À primeira vista a falta de dinheiro está no topo das razões para estes retorno à casa paterna. A taxa de desemprego os 15% em maio. O crédito malparado vem a seguir: no primeiro trimestre deste ano havia cerca de 2300 imóveis entregues aos bancos por incumprimento. neste contexto, os divórcios e separações,  também a subir nas estatísticas, seriam um  catalizador deste desequilíbrio financeiro. Em maio, o sociólogo Vítor Sérgio Ferreira até falava ao jornal Público desta realidade atual feita de percursos intermitentes: “O universo do trabalho e das relações apresenta-se como algo em permanente mudança. Já não há empregos para a vida e a crescente taxa de divórcios denuncia a fragilidade da ideia dos casamentos ‘até que a morte nos separe”. Tudo a contribuir para o fim das vidas estáveis, e sobretudo previsíveis, dos anos de bonança.

No entanto, o psicólogo Quintino Aires desconfia desta visão do fenómeno e diz mesmo que, ao contrário do que pode parecer, não é a crise a causa dos adultos regressarem a casa dos pais  na maioria dos casos. “Este fenómeno vai além da questão económica, é uma questão de imaturidade emocional e a culpa é dos pais que criaram esta geração. De  resto, isto vale também para aqueles jovens de 30 e mais anos que não chegam a sair de casa, acumulam licenciaturas e no fundo continuam a ver-se como adolescentes. Aparecem-me nas consultas muitos pais cujos filhos regressaram a casa por causa da crise e se comportam exatamente como estes adolescentes rebeldes que não chegaram a sair: com prepotência e arrogância. São pessoas que se acham no direito de receber ajuda dos pais, o que já não é verdade, e o seu narcisismo impede-os de perceber que estão ali por favor. Atendo estes pais, deprimidos porque os filhos lhes desorganizam completamente a vida, e em casos mais extremos, alguns chegam até agredir os pais, que são capazes de os desculpabilizar ‘porque andam nervosos porque não arranjam emprego’. Isto existe, são jovens e adultos acham que o mundo lhes deve, seja o Estado ou os pais”.

“Viver com os pais na idade adulta nunca é saudável”

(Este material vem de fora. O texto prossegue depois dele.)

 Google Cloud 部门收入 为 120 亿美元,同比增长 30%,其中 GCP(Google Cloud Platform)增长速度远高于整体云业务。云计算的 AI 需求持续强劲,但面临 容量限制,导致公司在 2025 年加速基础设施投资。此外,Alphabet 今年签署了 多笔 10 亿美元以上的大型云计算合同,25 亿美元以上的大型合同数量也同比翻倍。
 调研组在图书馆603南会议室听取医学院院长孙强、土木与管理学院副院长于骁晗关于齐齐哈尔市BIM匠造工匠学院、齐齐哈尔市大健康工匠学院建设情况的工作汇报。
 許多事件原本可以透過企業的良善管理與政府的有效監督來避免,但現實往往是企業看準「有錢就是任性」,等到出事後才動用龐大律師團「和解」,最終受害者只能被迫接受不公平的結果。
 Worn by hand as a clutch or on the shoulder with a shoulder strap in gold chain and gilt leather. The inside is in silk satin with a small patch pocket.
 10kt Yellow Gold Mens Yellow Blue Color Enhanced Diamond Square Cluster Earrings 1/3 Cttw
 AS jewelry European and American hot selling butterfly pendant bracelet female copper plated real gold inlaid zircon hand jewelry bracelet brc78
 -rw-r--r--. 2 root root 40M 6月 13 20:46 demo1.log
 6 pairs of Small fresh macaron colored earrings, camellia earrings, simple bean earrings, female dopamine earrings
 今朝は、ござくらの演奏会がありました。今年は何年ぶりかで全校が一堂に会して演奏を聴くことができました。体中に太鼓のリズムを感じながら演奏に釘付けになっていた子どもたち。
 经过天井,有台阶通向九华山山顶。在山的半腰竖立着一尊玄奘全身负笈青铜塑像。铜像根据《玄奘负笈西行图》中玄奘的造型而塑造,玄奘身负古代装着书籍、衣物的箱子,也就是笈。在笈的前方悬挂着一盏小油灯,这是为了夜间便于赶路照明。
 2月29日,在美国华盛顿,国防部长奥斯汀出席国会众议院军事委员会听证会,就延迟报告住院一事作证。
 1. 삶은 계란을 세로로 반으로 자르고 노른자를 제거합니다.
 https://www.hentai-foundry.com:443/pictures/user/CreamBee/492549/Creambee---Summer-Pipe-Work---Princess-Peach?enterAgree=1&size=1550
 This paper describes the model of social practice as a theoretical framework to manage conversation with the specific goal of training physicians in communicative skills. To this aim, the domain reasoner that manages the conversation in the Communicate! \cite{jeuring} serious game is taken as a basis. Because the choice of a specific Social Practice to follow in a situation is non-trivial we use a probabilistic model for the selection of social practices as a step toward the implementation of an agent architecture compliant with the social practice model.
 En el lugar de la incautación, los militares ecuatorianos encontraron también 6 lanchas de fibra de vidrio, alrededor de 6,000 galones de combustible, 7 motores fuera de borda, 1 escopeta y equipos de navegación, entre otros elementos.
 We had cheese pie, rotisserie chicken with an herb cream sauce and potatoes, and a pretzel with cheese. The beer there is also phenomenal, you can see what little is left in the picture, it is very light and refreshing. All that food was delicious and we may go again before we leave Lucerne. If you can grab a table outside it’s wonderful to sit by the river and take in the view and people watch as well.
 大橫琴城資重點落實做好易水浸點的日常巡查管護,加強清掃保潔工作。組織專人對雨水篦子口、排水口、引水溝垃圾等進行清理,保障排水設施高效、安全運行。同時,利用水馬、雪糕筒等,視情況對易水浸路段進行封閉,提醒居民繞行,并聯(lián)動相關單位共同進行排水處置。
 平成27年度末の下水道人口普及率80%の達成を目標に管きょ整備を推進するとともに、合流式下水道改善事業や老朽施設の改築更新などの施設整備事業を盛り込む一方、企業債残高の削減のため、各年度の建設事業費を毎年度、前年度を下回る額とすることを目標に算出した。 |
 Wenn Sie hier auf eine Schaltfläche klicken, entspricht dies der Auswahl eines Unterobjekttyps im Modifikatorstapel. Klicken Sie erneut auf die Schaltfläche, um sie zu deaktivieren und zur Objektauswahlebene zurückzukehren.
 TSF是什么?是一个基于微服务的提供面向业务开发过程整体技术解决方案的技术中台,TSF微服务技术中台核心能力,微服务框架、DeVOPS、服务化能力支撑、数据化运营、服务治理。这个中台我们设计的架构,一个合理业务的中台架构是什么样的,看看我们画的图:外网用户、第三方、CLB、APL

Depois do 25 de Abril, mais de um milhão de retornados tiveram de recorrer à casa de familiares ou amigos até refazer a vida. Alguns durante 10 anos. Quintino Aires usa este exemplo para recordar que a realidade de vidas difíceis, incertas e em casas alheias não é nova. Em qualquer caso, diz, “é sempre mais saudável partilhar casa com outras pessoas ou  famílias, como se faz de forma natural noutros países, do quevoltar a viver com os pais. É inevitável criarem-se tensões porque a relação familiar nunca é de igualdade como acontece com desconhecidos que partilham um espaço. Ou se cai na violência física ou verbal ou não se verbaliza e apanham-se úlceras”.

O que fazer então? “Estes pais que não souberam usar da autoridade necessária para criar filhos mais maduros dificilmente a vão conseguir impôr agora, seja para impôr limites aos filhos regressados ou aos que não chegaram a sair. São os pais que há 20 anos vinham às consultas porque não sabiam dizer não aos filhos. Temo que haja um rasto disto durante 20 anos, a não ser que se tenha coragem de expor que o verdadeiro problema não é a crise mas a imaturidade emocional dos portugueses. A crise não justifica tudo porque sempre houve precários, e as pessoas tem de saber acautelar o futuro”.